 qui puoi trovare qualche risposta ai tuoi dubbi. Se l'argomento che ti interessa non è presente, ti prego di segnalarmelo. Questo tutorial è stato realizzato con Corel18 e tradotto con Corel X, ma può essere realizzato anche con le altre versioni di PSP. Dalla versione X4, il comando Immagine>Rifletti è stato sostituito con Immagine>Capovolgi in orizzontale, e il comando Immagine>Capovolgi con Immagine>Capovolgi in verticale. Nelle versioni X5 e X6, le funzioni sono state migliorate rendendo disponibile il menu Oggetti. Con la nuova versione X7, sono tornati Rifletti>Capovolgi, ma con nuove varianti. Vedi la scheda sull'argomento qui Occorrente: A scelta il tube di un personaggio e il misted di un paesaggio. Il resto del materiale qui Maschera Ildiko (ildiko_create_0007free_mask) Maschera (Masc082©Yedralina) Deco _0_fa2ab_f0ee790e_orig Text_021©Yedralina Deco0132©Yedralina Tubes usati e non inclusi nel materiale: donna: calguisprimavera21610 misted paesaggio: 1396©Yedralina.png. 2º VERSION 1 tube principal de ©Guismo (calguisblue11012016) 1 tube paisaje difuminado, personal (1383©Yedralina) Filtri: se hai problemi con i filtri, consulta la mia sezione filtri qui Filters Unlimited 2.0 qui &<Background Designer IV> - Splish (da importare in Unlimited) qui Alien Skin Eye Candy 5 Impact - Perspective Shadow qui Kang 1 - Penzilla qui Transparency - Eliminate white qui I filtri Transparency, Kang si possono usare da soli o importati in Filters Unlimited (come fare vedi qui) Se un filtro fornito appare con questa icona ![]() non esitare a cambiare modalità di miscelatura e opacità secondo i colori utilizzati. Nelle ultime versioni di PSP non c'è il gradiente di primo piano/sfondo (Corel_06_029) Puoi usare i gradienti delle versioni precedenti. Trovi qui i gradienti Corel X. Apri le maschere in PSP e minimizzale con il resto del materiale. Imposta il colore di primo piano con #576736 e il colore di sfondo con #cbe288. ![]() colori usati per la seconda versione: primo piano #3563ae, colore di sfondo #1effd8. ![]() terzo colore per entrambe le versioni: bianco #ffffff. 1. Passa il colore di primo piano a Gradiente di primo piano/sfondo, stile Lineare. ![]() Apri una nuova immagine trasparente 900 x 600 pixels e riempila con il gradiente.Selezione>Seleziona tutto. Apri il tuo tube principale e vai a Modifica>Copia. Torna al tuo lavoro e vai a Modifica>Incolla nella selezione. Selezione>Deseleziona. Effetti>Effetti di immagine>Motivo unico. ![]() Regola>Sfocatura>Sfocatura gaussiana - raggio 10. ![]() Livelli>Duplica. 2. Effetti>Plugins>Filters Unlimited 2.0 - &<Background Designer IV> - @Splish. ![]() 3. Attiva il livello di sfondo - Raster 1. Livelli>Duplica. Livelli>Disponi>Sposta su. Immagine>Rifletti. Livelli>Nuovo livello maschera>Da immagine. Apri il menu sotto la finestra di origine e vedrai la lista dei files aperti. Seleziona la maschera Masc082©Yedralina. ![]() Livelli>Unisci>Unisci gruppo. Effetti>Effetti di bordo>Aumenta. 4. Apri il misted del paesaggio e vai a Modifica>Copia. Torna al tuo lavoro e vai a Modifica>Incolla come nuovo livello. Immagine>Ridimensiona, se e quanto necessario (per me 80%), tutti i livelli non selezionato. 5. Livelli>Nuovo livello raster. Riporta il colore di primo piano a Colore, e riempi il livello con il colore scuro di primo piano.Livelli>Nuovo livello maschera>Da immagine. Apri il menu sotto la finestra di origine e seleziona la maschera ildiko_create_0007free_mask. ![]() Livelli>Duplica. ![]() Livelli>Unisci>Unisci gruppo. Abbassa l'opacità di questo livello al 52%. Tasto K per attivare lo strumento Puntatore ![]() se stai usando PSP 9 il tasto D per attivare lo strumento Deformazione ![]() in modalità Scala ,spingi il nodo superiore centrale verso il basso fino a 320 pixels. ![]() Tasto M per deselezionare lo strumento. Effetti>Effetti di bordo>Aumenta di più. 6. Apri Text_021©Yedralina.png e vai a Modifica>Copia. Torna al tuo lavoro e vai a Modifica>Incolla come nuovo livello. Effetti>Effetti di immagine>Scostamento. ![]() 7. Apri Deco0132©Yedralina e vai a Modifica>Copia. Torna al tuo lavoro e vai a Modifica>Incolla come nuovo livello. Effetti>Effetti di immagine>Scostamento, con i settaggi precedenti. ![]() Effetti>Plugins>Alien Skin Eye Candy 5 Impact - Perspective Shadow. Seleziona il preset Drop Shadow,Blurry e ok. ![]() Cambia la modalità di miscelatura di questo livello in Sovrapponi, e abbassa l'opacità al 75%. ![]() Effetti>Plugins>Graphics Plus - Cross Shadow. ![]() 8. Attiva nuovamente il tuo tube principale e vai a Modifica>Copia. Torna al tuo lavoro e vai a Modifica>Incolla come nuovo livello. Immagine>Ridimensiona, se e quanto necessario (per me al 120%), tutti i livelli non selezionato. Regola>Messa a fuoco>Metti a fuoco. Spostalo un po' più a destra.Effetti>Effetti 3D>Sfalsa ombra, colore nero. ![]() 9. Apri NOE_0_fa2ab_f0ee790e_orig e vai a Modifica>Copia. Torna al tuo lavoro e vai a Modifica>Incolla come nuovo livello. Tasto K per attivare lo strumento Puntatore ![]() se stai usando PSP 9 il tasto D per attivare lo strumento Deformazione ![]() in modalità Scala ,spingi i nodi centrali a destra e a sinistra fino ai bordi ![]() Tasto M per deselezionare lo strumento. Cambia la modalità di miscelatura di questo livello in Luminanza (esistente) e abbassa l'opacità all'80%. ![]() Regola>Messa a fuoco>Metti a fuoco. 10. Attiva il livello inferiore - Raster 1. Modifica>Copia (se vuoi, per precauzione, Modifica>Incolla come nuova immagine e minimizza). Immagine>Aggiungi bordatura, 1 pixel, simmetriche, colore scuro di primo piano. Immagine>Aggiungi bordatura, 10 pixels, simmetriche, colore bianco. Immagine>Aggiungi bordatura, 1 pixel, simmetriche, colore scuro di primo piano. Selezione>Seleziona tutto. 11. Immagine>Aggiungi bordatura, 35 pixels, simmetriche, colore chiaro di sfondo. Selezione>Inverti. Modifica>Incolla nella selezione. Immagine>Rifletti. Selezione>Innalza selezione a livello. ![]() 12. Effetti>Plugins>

|---|

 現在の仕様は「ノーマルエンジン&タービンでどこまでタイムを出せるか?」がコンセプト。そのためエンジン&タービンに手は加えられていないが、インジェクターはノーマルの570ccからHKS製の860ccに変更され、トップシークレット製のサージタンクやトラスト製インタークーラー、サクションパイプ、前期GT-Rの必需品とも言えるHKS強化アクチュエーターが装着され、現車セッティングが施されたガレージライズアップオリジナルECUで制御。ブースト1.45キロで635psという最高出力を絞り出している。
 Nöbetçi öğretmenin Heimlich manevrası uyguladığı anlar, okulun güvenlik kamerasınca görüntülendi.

|---|

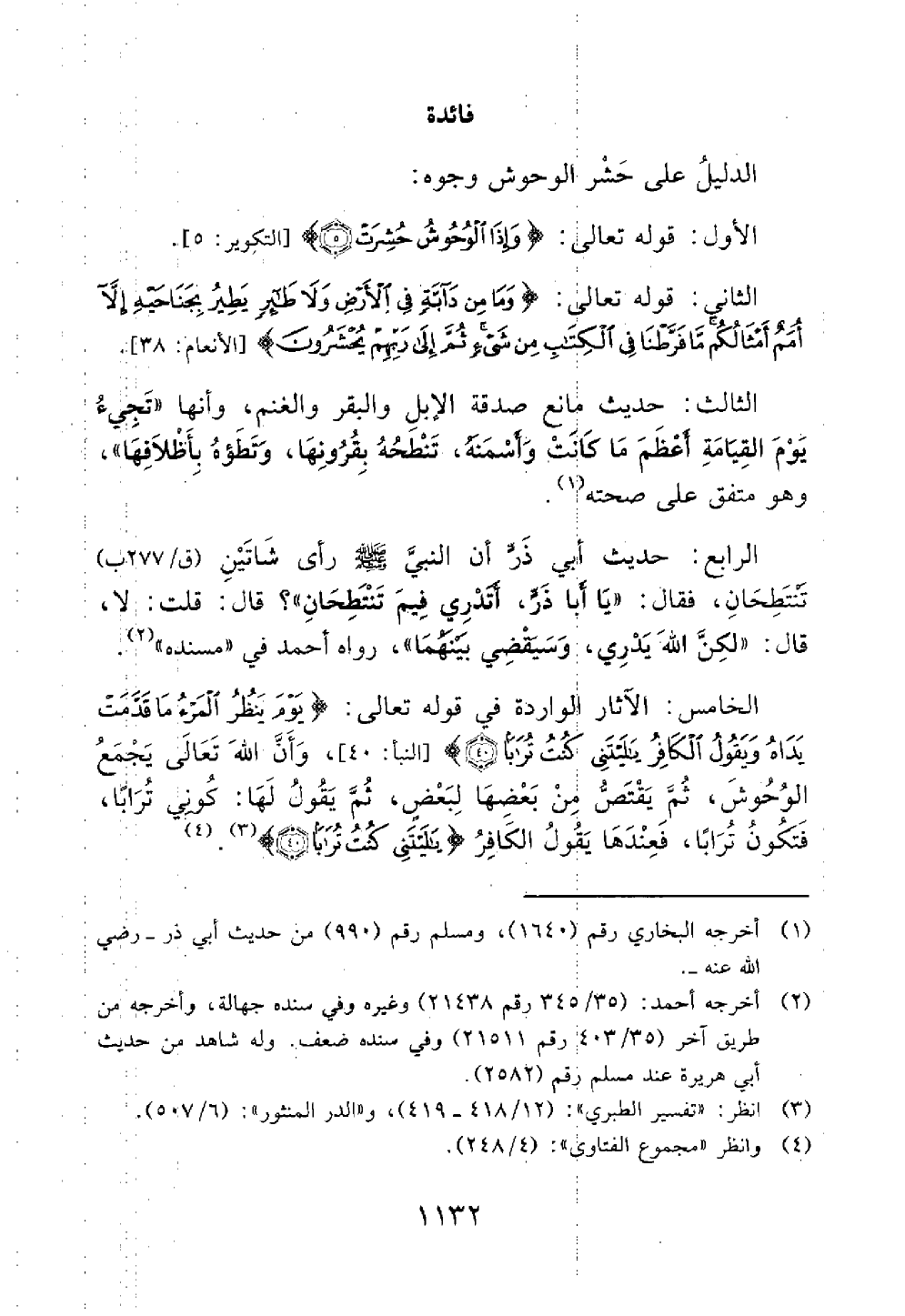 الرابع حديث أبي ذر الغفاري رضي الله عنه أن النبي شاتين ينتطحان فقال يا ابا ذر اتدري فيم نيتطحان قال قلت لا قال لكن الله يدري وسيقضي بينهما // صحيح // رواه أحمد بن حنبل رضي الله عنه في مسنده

|---|

- Exercise goal -
Your answer must be the lines above from the one containing "現在の仕様は「ノーマルエンジ" to the one containing "Nöbetçi öğretmenin Heimlich", both included, restated word for word.

- Response -
 現在の仕様は「ノーマルエンジン&タービンでどこまでタイムを出せるか?」がコンセプト。そのためエンジン&タービンに手は加えられていないが、インジェクターはノーマルの570ccからHKS製の860ccに変更され、トップシークレット製のサージタンクやトラスト製インタークーラー、サクションパイプ、前期GT-Rの必需品とも言えるHKS強化アクチュエーターが装着され、現車セッティングが施されたガレージライズアップオリジナルECUで制御。ブースト1.45キロで635psという最高出力を絞り出している。
 Nöbetçi öğretmenin Heimlich manevrası uyguladığı anlar, okulun güvenlik kamerasınca görüntülendi.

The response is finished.